■録画映像をスマホでストリーミング再生
今回の工場装着製品でもう一つ新しいのは、ミラーに差し込んだマイクロSDカードに録画された動画を、スマホの専用アプリにてWiFiで飛ばして手軽にストリーミング再生できることだ。万一の事故などの際にも、パソコンがなくてもスマホで素早く状況を検証できるので便利だ。
さっそく、ヤリスを試乗して、録画した動画をスマホでストリーミング再生する機能も試してみた。

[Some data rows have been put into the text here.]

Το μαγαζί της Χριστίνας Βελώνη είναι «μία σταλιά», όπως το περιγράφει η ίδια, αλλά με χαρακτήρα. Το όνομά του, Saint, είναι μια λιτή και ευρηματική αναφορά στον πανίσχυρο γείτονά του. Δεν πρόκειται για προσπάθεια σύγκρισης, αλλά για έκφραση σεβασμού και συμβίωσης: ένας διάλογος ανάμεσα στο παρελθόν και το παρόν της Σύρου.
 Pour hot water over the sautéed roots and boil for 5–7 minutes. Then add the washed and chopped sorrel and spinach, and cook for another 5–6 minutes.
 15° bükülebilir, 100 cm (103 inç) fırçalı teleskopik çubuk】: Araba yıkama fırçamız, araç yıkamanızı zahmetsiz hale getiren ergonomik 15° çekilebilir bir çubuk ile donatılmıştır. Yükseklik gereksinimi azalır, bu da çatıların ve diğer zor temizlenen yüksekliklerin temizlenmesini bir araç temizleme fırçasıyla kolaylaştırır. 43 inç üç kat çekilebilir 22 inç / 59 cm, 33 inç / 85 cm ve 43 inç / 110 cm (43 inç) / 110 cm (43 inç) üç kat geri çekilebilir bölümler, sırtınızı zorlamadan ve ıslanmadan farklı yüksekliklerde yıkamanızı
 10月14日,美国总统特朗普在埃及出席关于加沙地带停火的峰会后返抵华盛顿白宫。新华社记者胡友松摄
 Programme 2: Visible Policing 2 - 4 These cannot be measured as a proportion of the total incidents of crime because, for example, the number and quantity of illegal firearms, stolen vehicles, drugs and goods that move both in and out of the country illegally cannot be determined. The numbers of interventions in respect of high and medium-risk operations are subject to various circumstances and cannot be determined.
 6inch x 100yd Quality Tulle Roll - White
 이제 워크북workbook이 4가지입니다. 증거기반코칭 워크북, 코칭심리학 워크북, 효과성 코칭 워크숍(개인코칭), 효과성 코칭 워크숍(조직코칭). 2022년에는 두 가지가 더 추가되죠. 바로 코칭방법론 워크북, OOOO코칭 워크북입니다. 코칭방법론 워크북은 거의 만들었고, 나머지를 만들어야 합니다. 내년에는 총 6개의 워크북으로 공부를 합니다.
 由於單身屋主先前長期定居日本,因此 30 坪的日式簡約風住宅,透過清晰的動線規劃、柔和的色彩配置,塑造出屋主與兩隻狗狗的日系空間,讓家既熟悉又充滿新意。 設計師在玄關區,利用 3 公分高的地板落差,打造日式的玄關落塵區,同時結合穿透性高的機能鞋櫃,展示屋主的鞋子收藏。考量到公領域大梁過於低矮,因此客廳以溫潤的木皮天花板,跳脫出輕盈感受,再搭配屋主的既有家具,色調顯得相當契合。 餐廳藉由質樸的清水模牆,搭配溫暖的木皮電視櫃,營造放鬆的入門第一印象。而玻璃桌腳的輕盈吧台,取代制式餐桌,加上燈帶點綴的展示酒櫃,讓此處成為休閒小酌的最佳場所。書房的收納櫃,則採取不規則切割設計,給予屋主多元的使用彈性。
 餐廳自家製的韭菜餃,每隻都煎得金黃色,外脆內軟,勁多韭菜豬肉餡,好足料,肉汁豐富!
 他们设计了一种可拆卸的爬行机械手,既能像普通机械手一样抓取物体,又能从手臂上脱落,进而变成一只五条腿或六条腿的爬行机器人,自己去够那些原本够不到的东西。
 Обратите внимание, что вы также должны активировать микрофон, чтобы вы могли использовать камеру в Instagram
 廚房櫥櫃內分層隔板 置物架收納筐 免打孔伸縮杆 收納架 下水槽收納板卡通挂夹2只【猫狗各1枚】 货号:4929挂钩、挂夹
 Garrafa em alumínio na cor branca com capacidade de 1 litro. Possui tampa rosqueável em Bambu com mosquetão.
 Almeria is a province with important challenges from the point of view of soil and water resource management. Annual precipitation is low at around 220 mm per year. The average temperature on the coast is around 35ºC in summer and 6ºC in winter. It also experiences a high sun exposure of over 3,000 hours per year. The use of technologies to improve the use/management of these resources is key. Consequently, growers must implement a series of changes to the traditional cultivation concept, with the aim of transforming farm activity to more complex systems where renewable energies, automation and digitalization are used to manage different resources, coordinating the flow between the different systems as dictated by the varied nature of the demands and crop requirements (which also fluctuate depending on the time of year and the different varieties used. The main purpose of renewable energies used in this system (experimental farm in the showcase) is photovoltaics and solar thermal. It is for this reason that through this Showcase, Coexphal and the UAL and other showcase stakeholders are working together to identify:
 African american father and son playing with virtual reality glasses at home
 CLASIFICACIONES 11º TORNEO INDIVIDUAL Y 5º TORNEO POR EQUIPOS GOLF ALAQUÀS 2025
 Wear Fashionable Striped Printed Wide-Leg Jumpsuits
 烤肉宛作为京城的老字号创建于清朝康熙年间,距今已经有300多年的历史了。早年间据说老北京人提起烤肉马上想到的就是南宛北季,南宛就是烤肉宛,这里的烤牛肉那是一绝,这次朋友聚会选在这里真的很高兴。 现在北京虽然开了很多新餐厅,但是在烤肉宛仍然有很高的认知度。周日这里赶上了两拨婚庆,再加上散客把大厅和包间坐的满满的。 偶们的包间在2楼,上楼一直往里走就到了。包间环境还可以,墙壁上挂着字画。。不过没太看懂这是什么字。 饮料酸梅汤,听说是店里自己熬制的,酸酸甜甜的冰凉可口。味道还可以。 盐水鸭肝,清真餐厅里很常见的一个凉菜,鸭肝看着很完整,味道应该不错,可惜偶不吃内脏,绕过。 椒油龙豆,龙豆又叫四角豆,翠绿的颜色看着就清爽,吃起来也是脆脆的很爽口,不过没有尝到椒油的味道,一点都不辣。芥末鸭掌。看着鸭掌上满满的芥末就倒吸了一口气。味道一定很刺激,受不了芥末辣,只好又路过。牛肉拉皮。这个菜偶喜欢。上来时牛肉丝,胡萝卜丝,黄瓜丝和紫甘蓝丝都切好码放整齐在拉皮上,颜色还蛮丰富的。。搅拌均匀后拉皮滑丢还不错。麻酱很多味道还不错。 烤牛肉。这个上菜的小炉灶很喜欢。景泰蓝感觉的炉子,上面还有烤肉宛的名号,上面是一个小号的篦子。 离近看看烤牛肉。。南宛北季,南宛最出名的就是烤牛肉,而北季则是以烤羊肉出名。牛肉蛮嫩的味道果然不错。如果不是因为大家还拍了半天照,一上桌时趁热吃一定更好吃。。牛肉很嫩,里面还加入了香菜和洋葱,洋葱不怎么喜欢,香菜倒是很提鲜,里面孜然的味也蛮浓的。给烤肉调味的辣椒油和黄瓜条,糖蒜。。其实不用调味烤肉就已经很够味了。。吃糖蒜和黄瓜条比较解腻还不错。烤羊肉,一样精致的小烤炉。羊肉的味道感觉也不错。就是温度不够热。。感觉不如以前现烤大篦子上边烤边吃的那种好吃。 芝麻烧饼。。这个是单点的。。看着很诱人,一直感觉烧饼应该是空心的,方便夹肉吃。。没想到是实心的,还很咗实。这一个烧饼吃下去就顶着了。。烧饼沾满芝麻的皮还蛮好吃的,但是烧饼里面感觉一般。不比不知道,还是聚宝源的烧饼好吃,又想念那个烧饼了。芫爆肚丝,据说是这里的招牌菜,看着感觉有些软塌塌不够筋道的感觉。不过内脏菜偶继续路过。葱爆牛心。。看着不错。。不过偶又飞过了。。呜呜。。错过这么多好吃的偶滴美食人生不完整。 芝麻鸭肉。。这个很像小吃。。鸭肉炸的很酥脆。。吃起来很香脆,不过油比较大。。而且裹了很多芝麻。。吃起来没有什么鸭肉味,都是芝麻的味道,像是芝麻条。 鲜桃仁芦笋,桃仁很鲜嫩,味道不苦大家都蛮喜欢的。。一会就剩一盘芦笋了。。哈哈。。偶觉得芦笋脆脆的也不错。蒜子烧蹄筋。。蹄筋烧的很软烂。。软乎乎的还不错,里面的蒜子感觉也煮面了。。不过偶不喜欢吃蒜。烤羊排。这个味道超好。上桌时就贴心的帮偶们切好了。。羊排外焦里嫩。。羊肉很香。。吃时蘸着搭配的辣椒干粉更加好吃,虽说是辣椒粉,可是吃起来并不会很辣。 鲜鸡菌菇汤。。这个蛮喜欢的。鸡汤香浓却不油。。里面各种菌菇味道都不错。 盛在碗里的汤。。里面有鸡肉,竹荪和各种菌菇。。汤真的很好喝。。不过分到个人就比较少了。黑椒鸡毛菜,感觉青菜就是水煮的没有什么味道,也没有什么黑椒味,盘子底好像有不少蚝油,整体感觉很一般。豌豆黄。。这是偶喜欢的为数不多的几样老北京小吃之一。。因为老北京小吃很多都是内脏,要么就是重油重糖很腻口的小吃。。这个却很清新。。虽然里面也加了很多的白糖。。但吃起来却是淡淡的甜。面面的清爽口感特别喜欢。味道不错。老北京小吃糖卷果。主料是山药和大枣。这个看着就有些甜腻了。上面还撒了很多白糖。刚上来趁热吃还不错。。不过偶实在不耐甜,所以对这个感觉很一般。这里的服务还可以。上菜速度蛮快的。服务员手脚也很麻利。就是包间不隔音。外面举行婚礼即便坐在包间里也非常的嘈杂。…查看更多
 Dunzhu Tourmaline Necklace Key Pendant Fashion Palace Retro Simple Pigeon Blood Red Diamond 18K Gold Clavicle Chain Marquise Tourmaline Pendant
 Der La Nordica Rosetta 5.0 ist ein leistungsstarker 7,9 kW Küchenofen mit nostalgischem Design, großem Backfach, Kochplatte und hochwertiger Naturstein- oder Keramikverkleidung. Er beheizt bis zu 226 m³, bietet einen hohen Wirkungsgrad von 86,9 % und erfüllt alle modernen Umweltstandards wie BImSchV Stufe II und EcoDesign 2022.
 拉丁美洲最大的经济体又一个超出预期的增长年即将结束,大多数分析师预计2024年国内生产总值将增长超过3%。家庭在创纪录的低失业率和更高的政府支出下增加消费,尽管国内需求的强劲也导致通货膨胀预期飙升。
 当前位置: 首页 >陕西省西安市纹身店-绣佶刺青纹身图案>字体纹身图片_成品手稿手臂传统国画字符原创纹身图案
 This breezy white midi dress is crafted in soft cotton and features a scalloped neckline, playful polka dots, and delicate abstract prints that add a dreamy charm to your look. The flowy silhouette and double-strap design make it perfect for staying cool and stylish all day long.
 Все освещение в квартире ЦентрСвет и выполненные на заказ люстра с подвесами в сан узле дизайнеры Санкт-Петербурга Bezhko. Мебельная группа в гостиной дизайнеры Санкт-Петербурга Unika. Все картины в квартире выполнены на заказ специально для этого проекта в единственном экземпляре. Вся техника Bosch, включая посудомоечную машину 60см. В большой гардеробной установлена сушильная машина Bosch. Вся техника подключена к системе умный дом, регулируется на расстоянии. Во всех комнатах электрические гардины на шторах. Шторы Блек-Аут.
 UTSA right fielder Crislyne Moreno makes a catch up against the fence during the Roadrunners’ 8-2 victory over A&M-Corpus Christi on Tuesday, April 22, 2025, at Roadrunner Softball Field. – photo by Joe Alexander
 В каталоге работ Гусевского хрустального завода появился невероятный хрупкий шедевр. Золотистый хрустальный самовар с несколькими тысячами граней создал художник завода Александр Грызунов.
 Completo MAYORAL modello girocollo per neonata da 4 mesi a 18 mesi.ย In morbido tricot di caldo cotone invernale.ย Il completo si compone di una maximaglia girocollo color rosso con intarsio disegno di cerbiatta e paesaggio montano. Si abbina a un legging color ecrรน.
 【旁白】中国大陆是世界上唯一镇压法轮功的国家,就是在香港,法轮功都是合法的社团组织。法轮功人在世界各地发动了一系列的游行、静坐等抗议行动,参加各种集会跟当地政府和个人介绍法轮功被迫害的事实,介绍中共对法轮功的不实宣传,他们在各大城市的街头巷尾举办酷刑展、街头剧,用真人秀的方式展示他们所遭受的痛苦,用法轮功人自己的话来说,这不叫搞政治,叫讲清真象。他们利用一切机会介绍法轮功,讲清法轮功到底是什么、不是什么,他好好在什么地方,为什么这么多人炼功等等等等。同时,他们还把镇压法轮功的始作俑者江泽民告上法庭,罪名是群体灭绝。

最初に、アップルストアかグーグルプレイで「Toyota Smart Viewer」をダウンロードして立ち上げる。次にインナーミラーのWiFiボタンを押してスマホと接続すると、直近に撮影された動画が一本1分の長さでずらりと表示される。
これをタップすればすぐに高画質のMPEG-4動画が再生できる。前後のカメラ映像の切り替えもタップするだけだし、もしぶつけられたりして警察を呼んでも、その場で再生して検証できる。なるほど、これはクルマ内で定位置を確保しているインナーミラー一つで、ドラレコも兼用できる優れものだ。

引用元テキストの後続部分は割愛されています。